- **What you need to do**
Take the entries that follow and return exactly the lines from the one holding "读取文件的内容时,我们需要根" through the one holding "#B771- Blue Pink", both included. Nothing else is needed.

- **The input**
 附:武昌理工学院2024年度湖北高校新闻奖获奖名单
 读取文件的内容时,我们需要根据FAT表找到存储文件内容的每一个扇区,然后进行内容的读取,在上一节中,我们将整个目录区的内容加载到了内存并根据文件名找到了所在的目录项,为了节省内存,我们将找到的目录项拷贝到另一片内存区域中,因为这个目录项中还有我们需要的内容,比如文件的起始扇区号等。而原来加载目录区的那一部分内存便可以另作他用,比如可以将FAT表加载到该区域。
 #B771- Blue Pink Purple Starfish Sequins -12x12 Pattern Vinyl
==
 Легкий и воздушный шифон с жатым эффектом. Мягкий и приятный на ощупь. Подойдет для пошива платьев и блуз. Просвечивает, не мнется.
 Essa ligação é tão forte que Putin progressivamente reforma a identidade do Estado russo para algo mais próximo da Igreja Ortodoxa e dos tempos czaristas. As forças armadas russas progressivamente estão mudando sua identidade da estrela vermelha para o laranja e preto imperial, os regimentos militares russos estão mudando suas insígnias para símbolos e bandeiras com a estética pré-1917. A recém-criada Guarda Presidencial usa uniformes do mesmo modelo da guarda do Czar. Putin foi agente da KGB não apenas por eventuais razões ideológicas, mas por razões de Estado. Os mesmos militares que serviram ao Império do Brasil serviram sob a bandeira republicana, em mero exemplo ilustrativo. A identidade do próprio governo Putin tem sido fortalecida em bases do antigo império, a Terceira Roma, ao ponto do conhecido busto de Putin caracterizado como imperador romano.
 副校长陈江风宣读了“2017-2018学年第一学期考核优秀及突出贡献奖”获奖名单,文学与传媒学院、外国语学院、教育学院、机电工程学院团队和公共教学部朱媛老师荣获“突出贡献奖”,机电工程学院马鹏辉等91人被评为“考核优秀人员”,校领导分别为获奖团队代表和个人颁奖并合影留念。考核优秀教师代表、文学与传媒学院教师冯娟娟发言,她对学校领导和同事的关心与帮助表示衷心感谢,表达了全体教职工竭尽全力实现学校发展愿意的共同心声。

- **Answer to this problem**
 读取文件的内容时,我们需要根据FAT表找到存储文件内容的每一个扇区,然后进行内容的读取,在上一节中,我们将整个目录区的内容加载到了内存并根据文件名找到了所在的目录项,为了节省内存,我们将找到的目录项拷贝到另一片内存区域中,因为这个目录项中还有我们需要的内容,比如文件的起始扇区号等。而原来加载目录区的那一部分内存便可以另作他用,比如可以将FAT表加载到该区域。
 #B771- Blue Pink Purple Starfish Sequins -12x12 Pattern Vinyl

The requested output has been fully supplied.